Заплечных дел мастер, коего звали Мартынкой Сусловым, чуть заметно усмехнулся: шалишь, дьяче! Скорее тебя на дыбе подтянут, чем меня! Дьяков-то на Москве – куда ни плюнь, попадешь, а такие каты, как я, на вес золота… Промолчал, отступая и занося кнут, лишь кивнул с притворным испугом: не извольте, мол, беспокоиться, Афанасий Петрович, все сделаем, как надо…
С шипящим свистом длинный сыромятный ремень метнулся вперед, рассекая воздух, потом раздался сочный, хлюпающий звук, тотчас же заглушенный истошным воем: «Уа-а-ааа!!!» Дьяк поморщился, нехорошим словом помянув упрямого вора, из-за которого уже не только исподнее, но и все прочее платье – хоть выкручивай… Пот градом катится, духотища-то какая! От раскаленных углей жаром так и несет, хоть и постарался сесть как можно поодаль, у самых дверей… Ох, тяжка ты, служба царева, тяжка!
«Ничего, потерплю… Дождусь, чтобы и Андрюшку вот так же… для начала! Поймет вор и лиходей, каково это – народ на смуту толкать против самого царя! Всю шкуру кнутом обдерем, как липку!

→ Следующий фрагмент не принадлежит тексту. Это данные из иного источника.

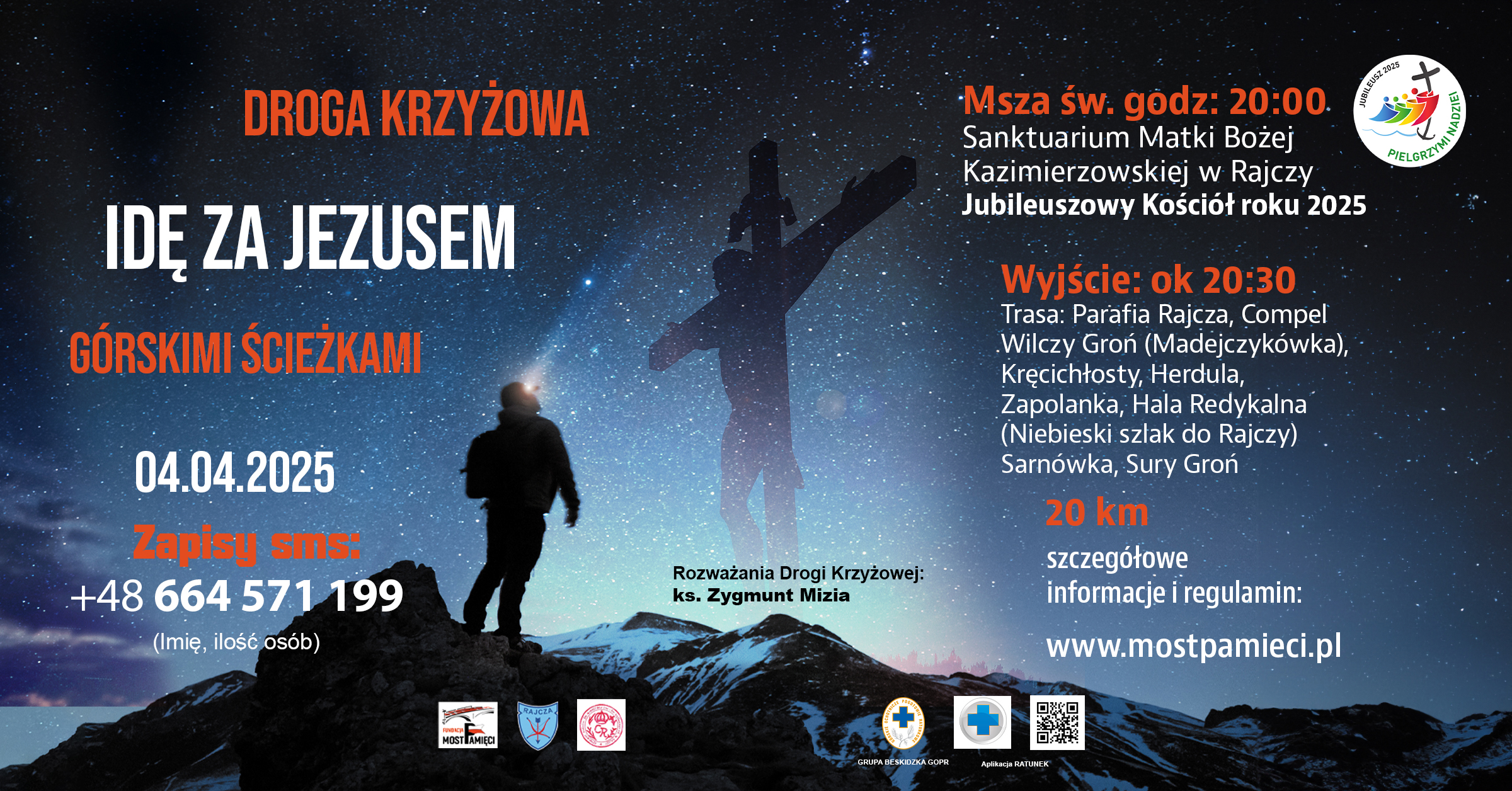 Zapraszamy do udziału w Drodze Krzyżowej górskimi ścieżkami „Idę za Jezusem”, która wystartuje w piątek 4 kwietnia 2025 roku. Rozpoczynamy Mszą św. w Sanktuarium Matki Bożej Kazimierzowskiej w Rajczy (Jubileuszowy Kościół roku 2025) o godz. 20:00. Po Mszy św. wyruszamy w trasę (ok godz. 20:30), która ma długość 20 km. Rozważania w czasie trwania Drogi Krzyżowej poprowadzi ks. Zygmunt Mizia – proboszcz parafii Miłosierdzia Bożego w Miliardowicach.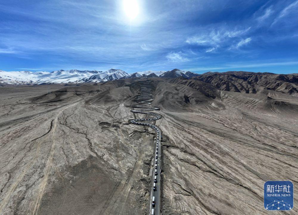 ↑ 3月22日,在新疆塔什库尔干塔吉克自治县,参加“盘龙古道”恢复通车仪式的车队在行进中(无人机照片)。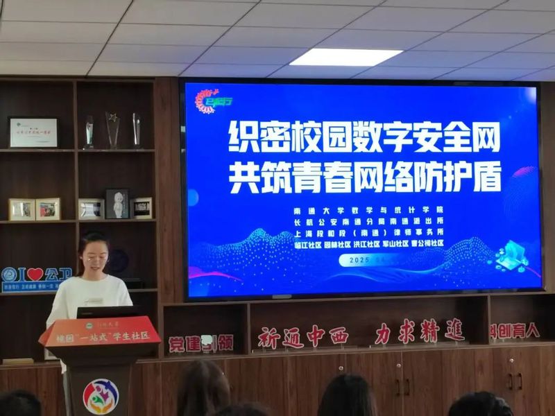 为迎接“4.15全民国家安全教育日”,切实增强大学生网络安全意识,强化法治观念与风险防范能力,筑牢校园网络安全坚实防线,4月10日下午,365英国上市在“一站式”桃园开展“织密校园数字安全网 共筑青春网络防护盾”国家安全之网络安全教育活动。南通市崇川区狼山镇街道临江、曹公祠、洪江、军山社区、长航南通公安南通派出所、365英国上市相关人员及学生代表们参与此次活动。

А уж потом, после малого роздыха…» Дьяк мотнул головой, прогоняя приятное видение. Дело – поначалу.
Мартынка новым, точно выверенным движением, полоснул висящего. Такой же хриплый вой, отразившись от стен и сводчатого потолка, опять стегнул по ушам… Потом – еще раз, и еще… Астафьев, болезненно поморщившись, протянул вбок руку. Подскочивший стрелец поспешно плеснул из глиняного горшка квасу в кубок, поднес с поклоном. Дьяк жадно, в два глотка, осушил, облегченно вздохнул, утирая ладонью мокрые губы… Когда был отсчитан двенадцатый удар, подал знак палачу: хватит!

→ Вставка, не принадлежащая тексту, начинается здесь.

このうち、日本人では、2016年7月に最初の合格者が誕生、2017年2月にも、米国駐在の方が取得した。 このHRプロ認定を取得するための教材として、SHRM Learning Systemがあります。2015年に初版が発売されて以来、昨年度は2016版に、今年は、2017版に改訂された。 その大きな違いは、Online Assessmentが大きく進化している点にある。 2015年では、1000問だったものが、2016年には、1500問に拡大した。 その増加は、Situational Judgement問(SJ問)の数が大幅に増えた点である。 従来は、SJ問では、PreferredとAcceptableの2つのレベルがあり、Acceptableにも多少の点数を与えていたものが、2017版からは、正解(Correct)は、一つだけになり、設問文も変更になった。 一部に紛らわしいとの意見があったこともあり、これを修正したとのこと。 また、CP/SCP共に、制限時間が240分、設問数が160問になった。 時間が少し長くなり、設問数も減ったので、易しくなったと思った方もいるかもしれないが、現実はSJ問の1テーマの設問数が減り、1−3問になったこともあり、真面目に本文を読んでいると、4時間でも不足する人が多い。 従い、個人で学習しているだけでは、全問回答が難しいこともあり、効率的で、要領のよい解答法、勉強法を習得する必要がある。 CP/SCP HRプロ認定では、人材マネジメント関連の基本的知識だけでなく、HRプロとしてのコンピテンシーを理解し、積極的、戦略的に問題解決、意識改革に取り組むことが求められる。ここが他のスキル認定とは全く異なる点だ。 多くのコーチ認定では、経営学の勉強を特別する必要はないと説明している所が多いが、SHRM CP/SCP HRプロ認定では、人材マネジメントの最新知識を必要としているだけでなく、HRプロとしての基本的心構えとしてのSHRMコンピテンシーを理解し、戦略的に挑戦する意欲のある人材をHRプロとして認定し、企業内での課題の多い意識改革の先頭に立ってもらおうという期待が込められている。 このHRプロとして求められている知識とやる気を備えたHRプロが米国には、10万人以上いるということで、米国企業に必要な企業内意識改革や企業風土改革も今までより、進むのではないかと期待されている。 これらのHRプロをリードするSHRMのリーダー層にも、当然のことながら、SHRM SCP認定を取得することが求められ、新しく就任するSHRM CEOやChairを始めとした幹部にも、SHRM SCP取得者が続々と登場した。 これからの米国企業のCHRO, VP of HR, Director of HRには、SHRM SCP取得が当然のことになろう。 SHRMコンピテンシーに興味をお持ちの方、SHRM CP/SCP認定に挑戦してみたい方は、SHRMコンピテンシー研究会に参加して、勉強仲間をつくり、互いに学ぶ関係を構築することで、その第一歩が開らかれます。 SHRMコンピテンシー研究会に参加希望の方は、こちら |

– Ну что, Егорка, память не воротилась? Начнешь говорить или… – Дьяк сделал зловещую паузу.
Висевший на вывернутых руках голый человек с хриплым, рыдающим стоном кое-как выдавил:
– Боярин… Милостивец… Да я все, как есть, скажу… Повели снять, мочи нету…
– Ну, давно бы так! – усмехнулся Астафьев, пропустив мимо ушей звание, ему не принадлежавшее. (Точнее, не пропустил, конечно, ведь слаб человек, искусу подвержен, на лесть падок… Еще раз подумал: коли, с Божьей помощью, изловит злодея Андрюшку, государь наверняка его боярином сделает!) – Или мне много радости людей мучить, хотя бы и воров? Я вот думаю: не совсем ты пропащий, страх Божий еще не позабыл, к бунтарям да смутьянам не по злой воле примкнул, не по корысти, а едино лишь по глупости, по темноте своей… Иль ошибаюсь?